Data extracted from a collection:
.....
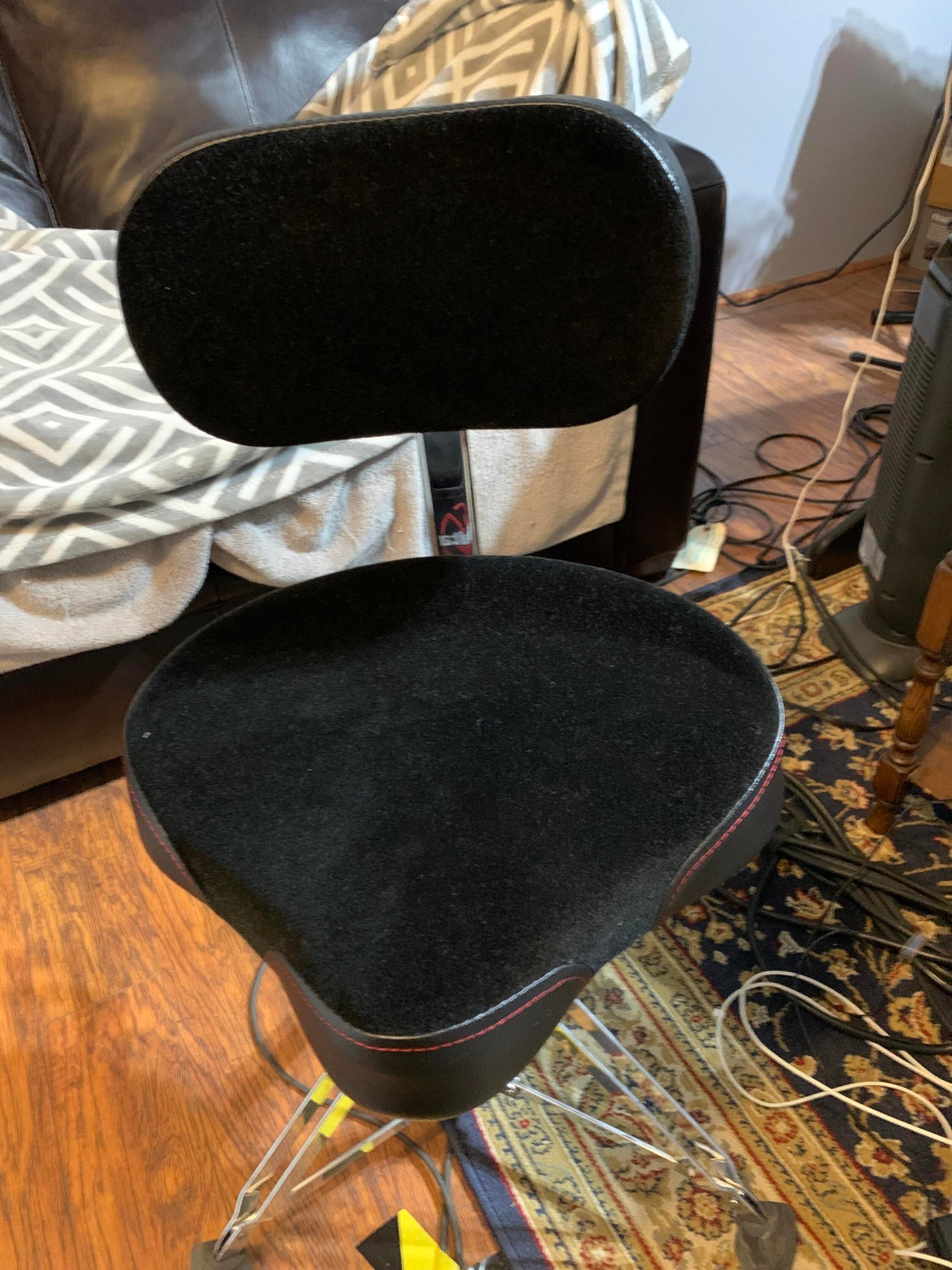 The highest quality drum throne that SW offers. It’s cushioned just right: seat & back. It is also more of a velour material that covers both seat & back rest. Buyer pays shipping. Couldn’t get any better than this… and it pays to be comfortable while you play. Will use GE discounted FedEx labels.
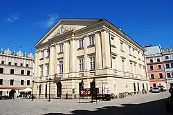 В 1703 годуАвгуст II дарует городу привилегии, уравнивающие его в правах с Краковом. После северных войн наступает период возобновления строительства, расстраиваются в основном купеческие и церковные слободы. Формируется образ нынешнего Краковского предместья.
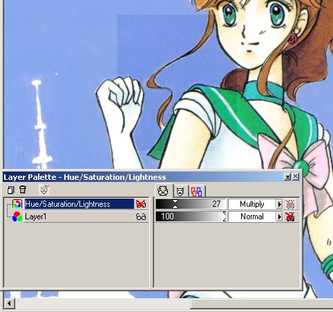 My method uses layers - present in Paint Shop Pro version 5 and up - and preferably adjustment layers - present in Paint Shop Pro 7. When the scan is straightened, cropped and at its final size, I'm going to add an adjustment layer of the type "Hue-Saturation-Lightness". I'm not even sure whether the type of layer matters, since I'm not going to change the HSL settings. Instead, I'll change the layer blend type from "Normal" to "Multiply". Whoa, now the image is a lot darker; but the Multiply method ensures that white stays white. Since the image is now too dark, I'm going to move the adjustment layer's transparency slide to the left until the colour enhancement matches the physical doujin cover's colours as closely as possible. In practice, the adjustment layer will be almost completely transparent. Then I merge the layers to transfer the improvement to the scanned image. In Paint Shop Pro 5, a similar result can be had by making a new layer, flood-filling it black, setting the blend type to "Burn" and moving the layer's transparency slider until the colours are right; like the solution with the adjustment layer, this darkens colours based on their original value, so white stays white.
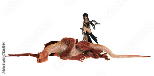 © photosvac, Fototapeta premium Warrior Girl and Dragon
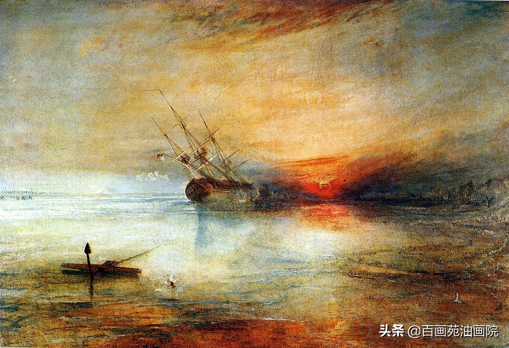 透纳的许多作品,都是竭力抓住瞬息即逝的光影效果,和印象主义对光和色的探讨理念是不谋而合,可说透纳是法国印象派的一位先驱。
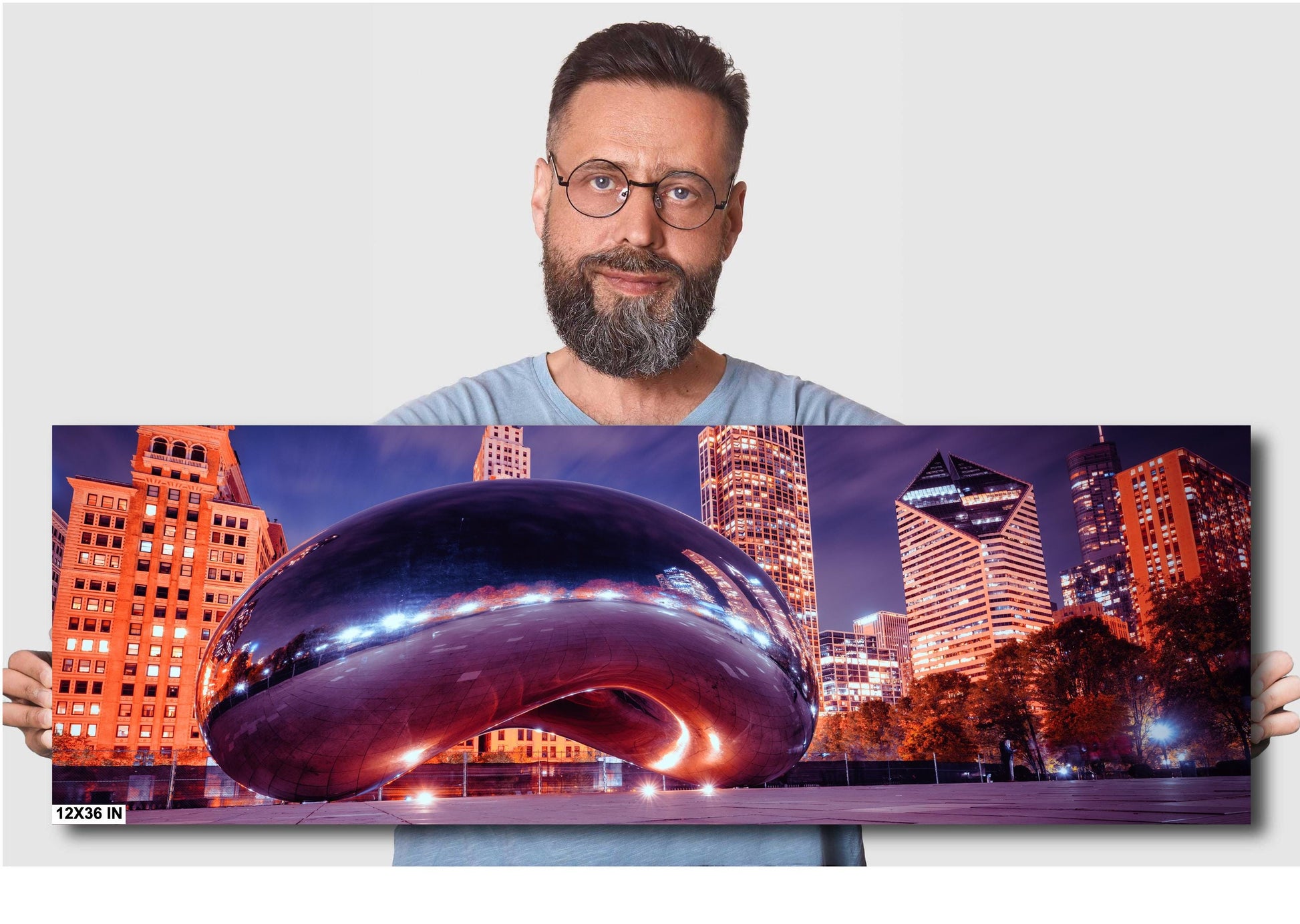 This fine art print features a stunning nighttime view of Chicago’s iconic Cloud Gate sculpture, better known as "The Bean." Located in Millennium Park, this highly reflective public art piece was designed by artist Anish Kapoor and installed in 2006. The stainless steel surface captures and distorts the surrounding skyline, making it a popular attraction for tourists and locals alike. The striking architecture of Chicago's skyline in the background adds depth and context to this already mesmerizing landmark, capturing the spirit of the city.
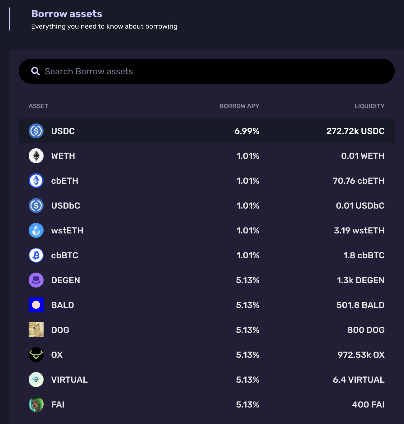 Note the Borrow APY. This is the interest you would be paying annually for your USDC loan.
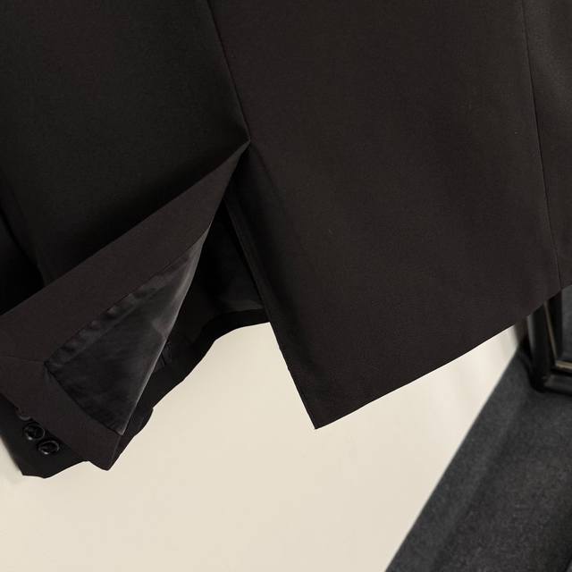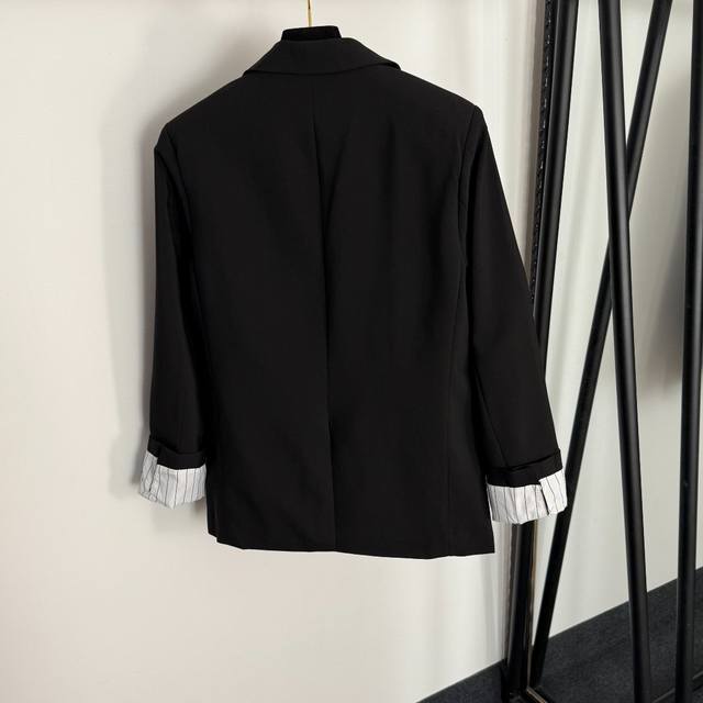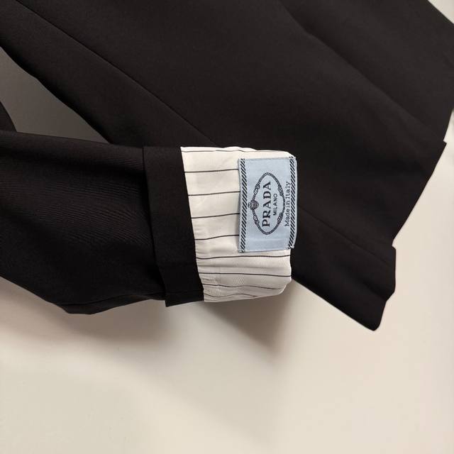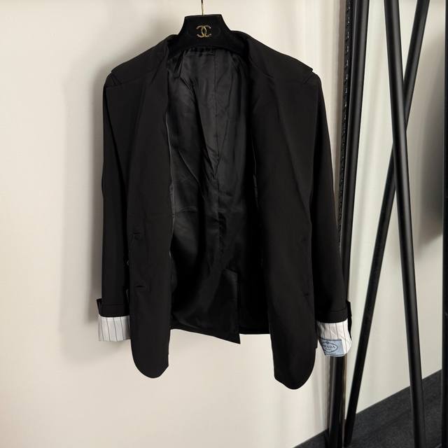 Style No. 20255014 Prad* new striped cuffs slim two-button long-sleeved suit jacket, black, Sml, M size: shoulder width 41, chest 106, sleeve length 66, length 70; weight: 0.550Kg; with shoulder pads
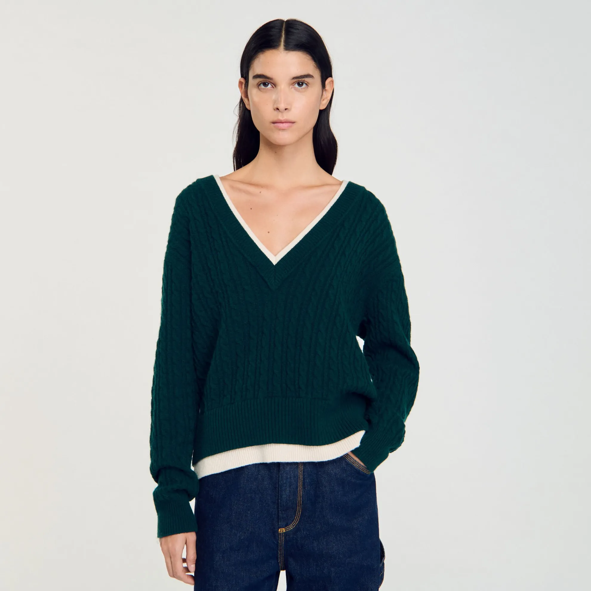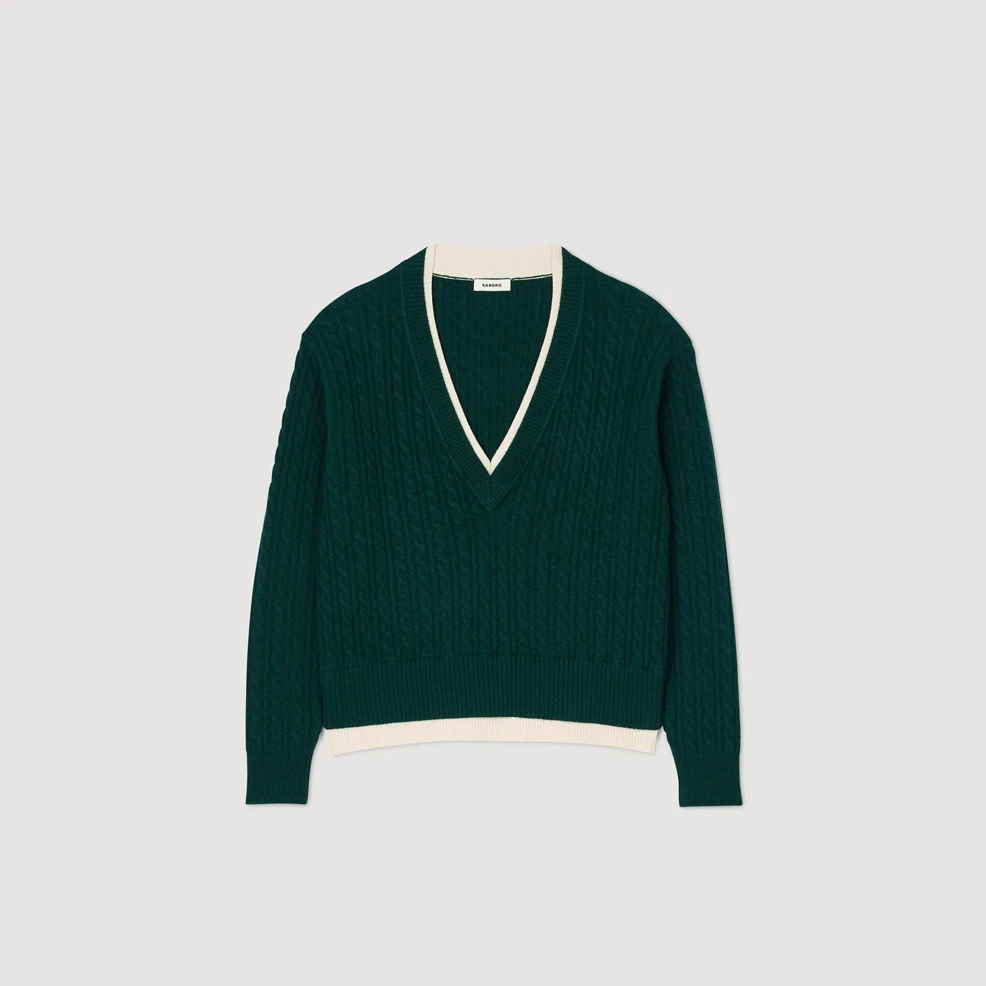 Tweekleurige kabelgebreide trui met trompe l’œil van wol en kasjmier met lange mouwen en een V-hals.
.....
■ **Directions**: All of the records must come back exactly as they stand, minus every picture.

■ **Output**:
 The highest quality drum throne that SW offers. It’s cushioned just right: seat & back. It is also more of a velour material that covers both seat & back rest. Buyer pays shipping. Couldn’t get any better than this… and it pays to be comfortable while you play. Will use GE discounted FedEx labels.
 В 1703 годуАвгуст II дарует городу привилегии, уравнивающие его в правах с Краковом. После северных войн наступает период возобновления строительства, расстраиваются в основном купеческие и церковные слободы. Формируется образ нынешнего Краковского предместья.
 My method uses layers - present in Paint Shop Pro version 5 and up - and preferably adjustment layers - present in Paint Shop Pro 7. When the scan is straightened, cropped and at its final size, I'm going to add an adjustment layer of the type "Hue-Saturation-Lightness". I'm not even sure whether the type of layer matters, since I'm not going to change the HSL settings. Instead, I'll change the layer blend type from "Normal" to "Multiply". Whoa, now the image is a lot darker; but the Multiply method ensures that white stays white. Since the image is now too dark, I'm going to move the adjustment layer's transparency slide to the left until the colour enhancement matches the physical doujin cover's colours as closely as possible. In practice, the adjustment layer will be almost completely transparent. Then I merge the layers to transfer the improvement to the scanned image. In Paint Shop Pro 5, a similar result can be had by making a new layer, flood-filling it black, setting the blend type to "Burn" and moving the layer's transparency slider until the colours are right; like the solution with the adjustment layer, this darkens colours based on their original value, so white stays white.
 © photosvac, Fototapeta premium Warrior Girl and Dragon
 透纳的许多作品,都是竭力抓住瞬息即逝的光影效果,和印象主义对光和色的探讨理念是不谋而合,可说透纳是法国印象派的一位先驱。
 This fine art print features a stunning nighttime view of Chicago’s iconic Cloud Gate sculpture, better known as "The Bean." Located in Millennium Park, this highly reflective public art piece was designed by artist Anish Kapoor and installed in 2006. The stainless steel surface captures and distorts the surrounding skyline, making it a popular attraction for tourists and locals alike. The striking architecture of Chicago's skyline in the background adds depth and context to this already mesmerizing landmark, capturing the spirit of the city.
 Note the Borrow APY. This is the interest you would be paying annually for your USDC loan.
 Style No. 20255014 Prad* new striped cuffs slim two-button long-sleeved suit jacket, black, Sml, M size: shoulder width 41, chest 106, sleeve length 66, length 70; weight: 0.550Kg; with shoulder pads
 Tweekleurige kabelgebreide trui met trompe l’œil van wol en kasjmier met lange mouwen en een V-hals.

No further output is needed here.